WORCESTER — Founded nearly 200 years ago, the EcoTarium has seen plenty of change. The science and nature center began as a membership-based society to share specimens collected from around the world. Today it is one of New England’s premier destinations for families and a key support to STEM education in Central Massachusetts.

Sherri Pitcher’s appointment as the new chair of EcoTarium’s board of directors signifies further advancements in the cultural institution’s forward-thinking evolution.

“We are using this time of hibernation to plan strategically,” she says. The EcoTarium has temporarily put a hold on onsite visits and programming in response to the dangers posed by the pandemic. “We have been taking advantage of this pause to reimagine and reinvent ourselves to be the type of institution this community needs and wants at this time. We’re on two parallel paths. One, we are staying connected with members and the community through programming and, two, we are also looking to emerge from this pandemic knowing that things have changed.”

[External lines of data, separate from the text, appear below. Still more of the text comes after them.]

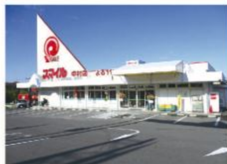
■スマイル 中村店 全景

当日仕入れた食材を当日売り切ることをコンセプトにしており、「いつも新鮮」がモットーのディスカウント型のスーパーマーケットである。そのため、取扱品目を野菜・肉・魚に絞り、市場が休みの日曜・祝日は営業しないというこだわりようである。市場のような雰囲気でも地域の皆様の台所として豊富な食材を用意している。鮮度と安さを求め、開店直前は行列ができる賑わいである。主要なクレジットカードや交通系などの電子マネーでも決済が可能になっており、より快適に買い物できる。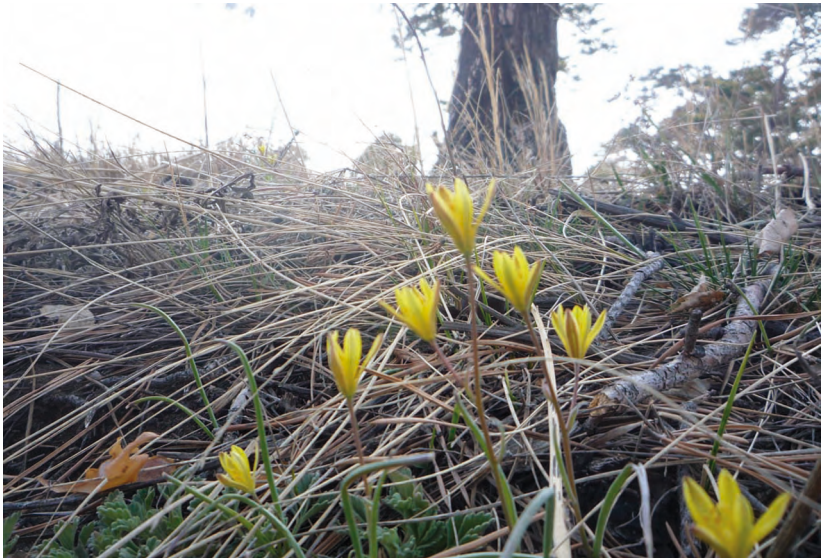
Gagea altaica Schischhk. – Гусинолук алтайский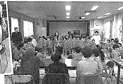
クリスマスカード作成後 なかよし保育園児の合唱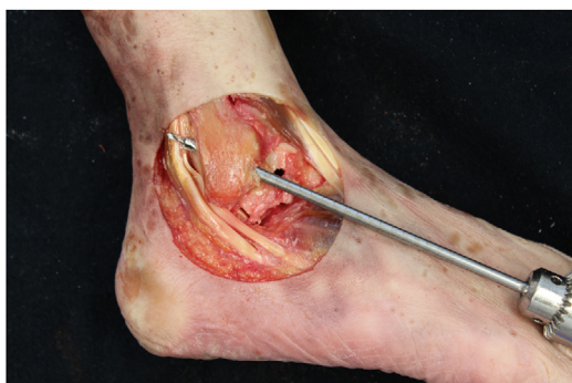
Figura 4 Tobillo derecho. Brocado en huella anatómica del túnel fibular con inclinación de 50° en sentido distal-anterior a proximal-distal.

Pitcher’s expertise and enthusiastic engagement with the Central Massachusetts community establish her as a valued leader. She is senior vice president and chief design officer at Fidelity Bank. Prior to that appointment, she served as senior director of business development for the Worcester Regional Chamber of Commerce.

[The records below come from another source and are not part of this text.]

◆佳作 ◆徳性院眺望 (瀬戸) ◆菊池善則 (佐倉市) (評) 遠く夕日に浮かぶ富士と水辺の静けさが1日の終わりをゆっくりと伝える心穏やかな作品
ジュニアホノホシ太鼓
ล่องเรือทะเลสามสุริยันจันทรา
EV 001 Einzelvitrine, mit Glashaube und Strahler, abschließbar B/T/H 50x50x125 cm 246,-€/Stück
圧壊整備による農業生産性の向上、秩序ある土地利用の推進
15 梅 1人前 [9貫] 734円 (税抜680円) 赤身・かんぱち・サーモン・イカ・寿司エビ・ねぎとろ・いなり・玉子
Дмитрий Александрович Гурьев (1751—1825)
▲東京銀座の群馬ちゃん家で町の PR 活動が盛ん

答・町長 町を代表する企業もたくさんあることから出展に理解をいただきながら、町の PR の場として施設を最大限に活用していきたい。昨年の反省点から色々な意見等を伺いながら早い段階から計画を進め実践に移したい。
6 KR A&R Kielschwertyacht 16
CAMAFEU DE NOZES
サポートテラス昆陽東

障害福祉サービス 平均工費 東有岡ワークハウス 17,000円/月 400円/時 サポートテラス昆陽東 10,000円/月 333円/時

Pitcher’s involvement with the EcoTarium began back when both of her children, now grown, attended EcoTarium summer camps. In 2006 she took over the organization of the gala fundraisers and in 2011 she became a corporator at the institution. The board of directors elected her to serve in 2014. She recently stepped into the role of board chair and will be formally appointed in May.

Considered a “caring and collaborative leader” in the region, Fidelity Bank President and COO Christopher McCarthy is one of many who value Pitcher’s effective problem solving in this critical period.

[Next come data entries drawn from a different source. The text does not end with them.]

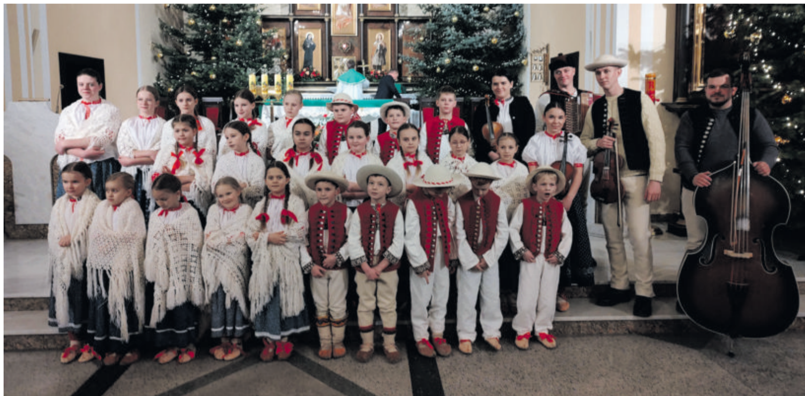
Zespół „Mała Istebna” skradł serca publiczności

Głównym organizatorem był Chór „Cecylia”. Wsparli go prywatni sponsorzy z Paniówek, miejscowe organizacje oraz Gmina i GOK w Gierałtówicach. jm, fot. Jerzy Miszczyk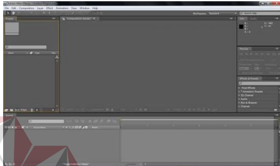
Gambar 4.20 Tampilan awal Adobe After Effect

sama seperti pada adobe after effect namun tidak halus seperti pada adobe after effect. gambar tampilan awal adobe after effect seperti gambar 4.20 dibawah ini.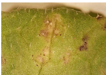
Photo 9: Le jaunissement et le brunissement d'une zone tissulaire à la face supérieure d'une feuille de radis indiquent que l'on est en présence d'une maladie.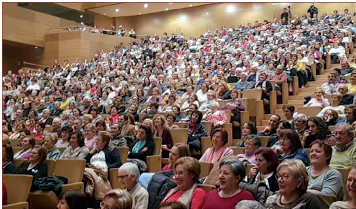
Alumnado en el Auditorio Miguel Delibes con motivo de la celebración de 35 aniversario de las Aulas de Cultura

Durante 15 años convivieron el programa de Aulas de Cultura y el de Educación de Adultos. Este último, al amparo de un convenio entre el Minis-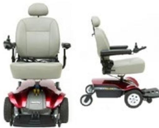
Código JAZZY Select Elite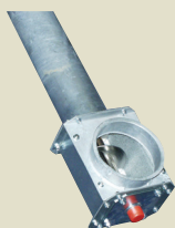
Lukket indløb med Ø-150 eller OK-160 flange.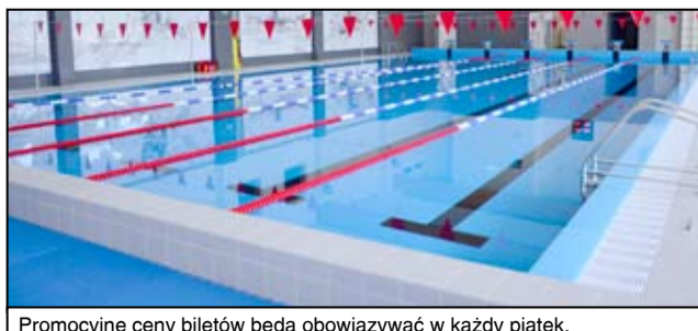
Promocyjne ceny biletów będą obowiązywać w każdy piątek.

Klienci żarowskiej pływalni do dyspozycji mają basen sportowy z sześcioma torami o długości 25 metrów, basen rekreacyjny dla dzieci, zjeżdżalnię, dwie sauny, biczki szkockie, dwie wanny jacuzzi, strefę aromaterapii, a to wszystko w cenie biletu. Basen w Żarowie czynny jest od poniedziałku do piątku w godz. 6:30-22:00 oraz w soboty, niedziele i święta w godz. 8:00-22:00.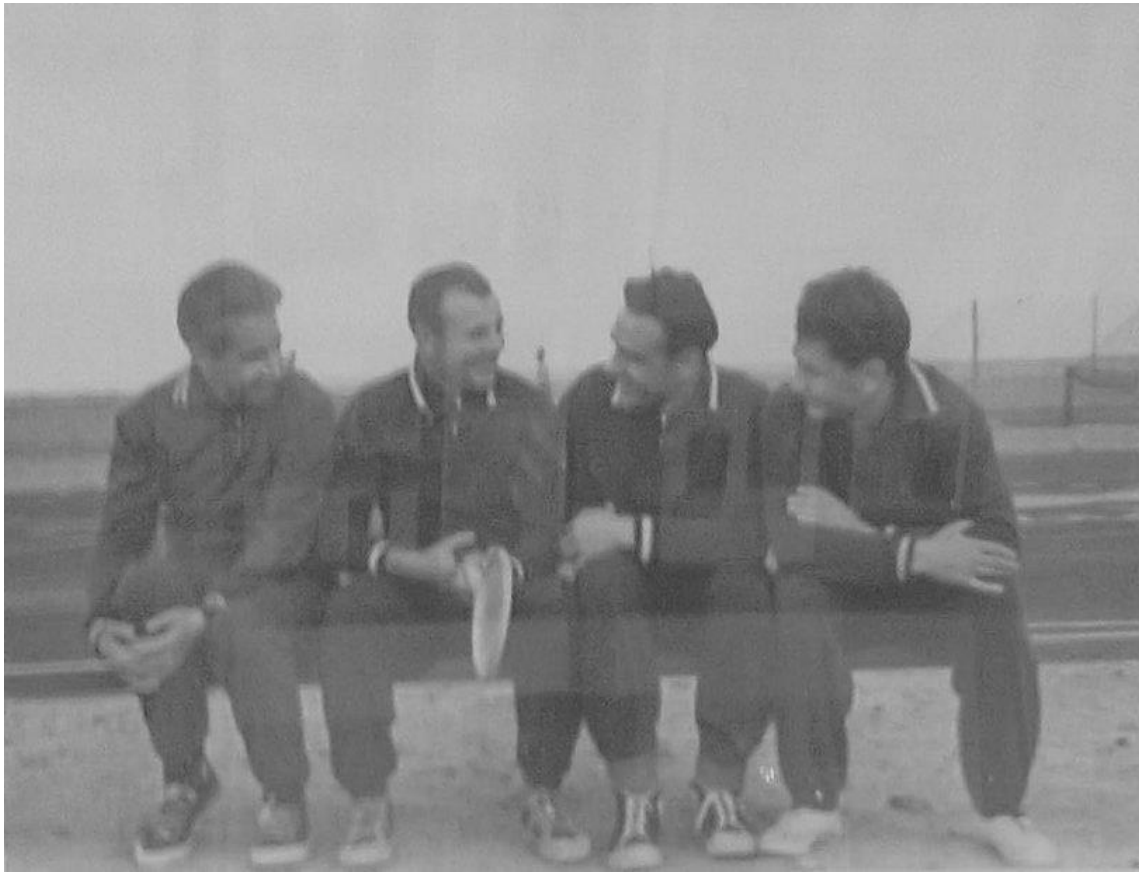
Космонавты: Гагарин, Комаров, Феоктистов, Егоров на спортивной площадке.

Во главе МАИ Образцов оставался до 1972 года.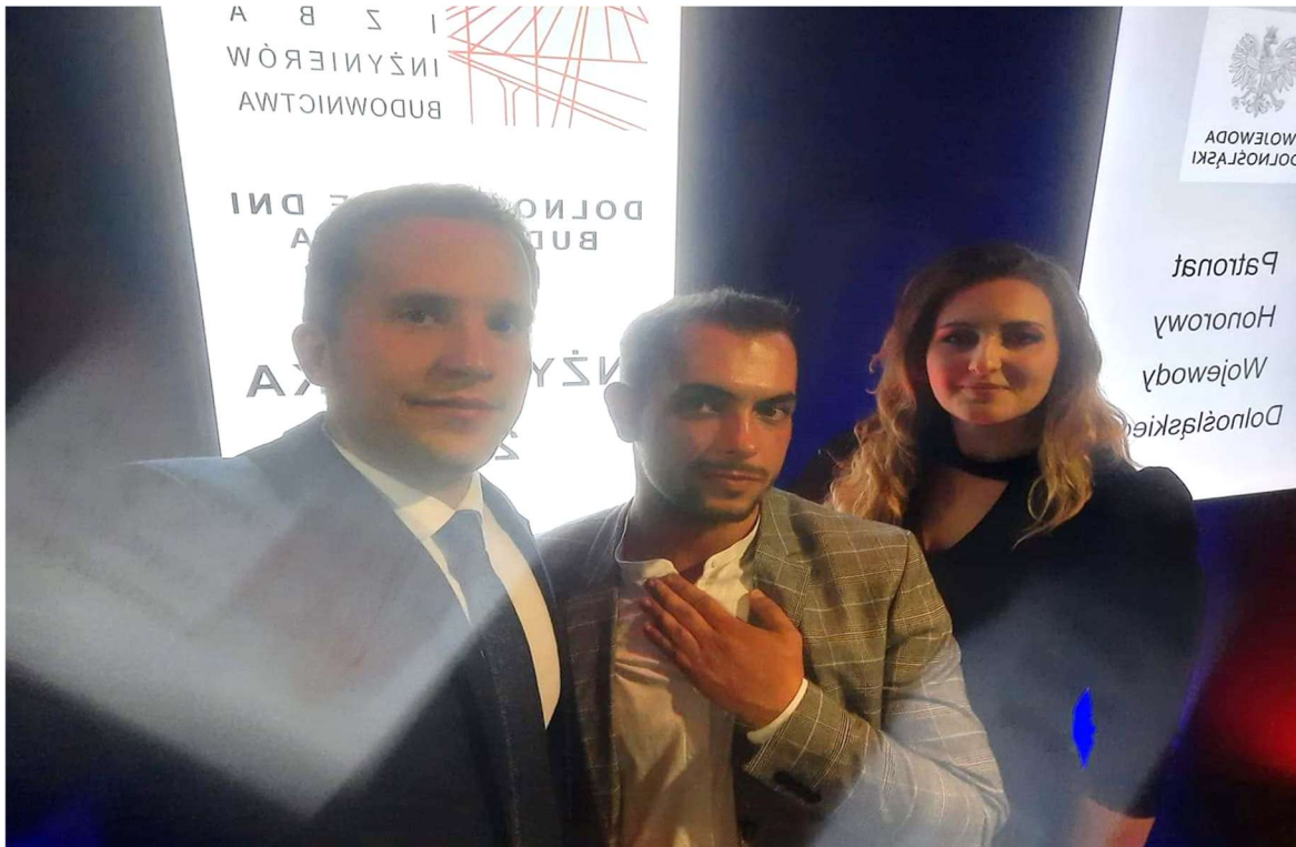
Przedstawiciele Młodej Kadry pomocni w rozdaniu nagród DBR

- W dniu 16.09.2021 r. Komisja Konkursowa na Najlepszą Inżynierską i Magisterską Pracę Dyplomową na WBLIW Politechnice Wrocławskiej w roku akademickim 2019/2020 i w roku akademickim 2020/2021

“Sherri is very grounded in Central Massachusetts and is passionate about the EcoTarium and this city,” says EcoTarium President and CEO Lucy Hale, who cites their effective and collegial working relationship as dual leaders of the institution.

“She’s very much in tune with what’s happening here in Worcester and across Central Massachusetts. She’s really, really brilliant and very thorough in the research she does before making any decision. I trust her opinion and thoughts immensely. And…she’s a really good person.”

While the EcoTarium is on solid footing due to the board’s vigorous fundraising outreach in 2020 and its recent work on a strategic plan, the country and the institution anticipate significant changes post-pandemic.

“We’re connecting with stakeholders now,” says Pitcher. “We’d done it before but we’re reconnecting now that things are changing. There exists a different comfort level with people,” she says. “We’re very much a hands-on experience with science and nature. We also have a huge outdoor campus with live animals. We are now looking at how we balance those experiences. Our behaviors have changed, definitely in the short term. We are asking — How do we modify because of that shift?”

Pitcher was born and raised just outside of Worcester, in West Boylston. She and her family have been big fans of the EcoTarium, in part because both of her children love science and nature. Now she joins with the institution’s president, Lucy Hale, to lead a strategic rethinking of the EcoTarium’s role in the broader New England community.

“Worcester has a lot of female leaders — CEOs and presidents,” says Hale. “And this is only the second time in the EcoTarium’s almost 200-year history that we have appointed women to serve as both the board chair and the institution’s president and CEO. Two women leaders is an inspiration in this industry. I hope young girls see themselves in us.”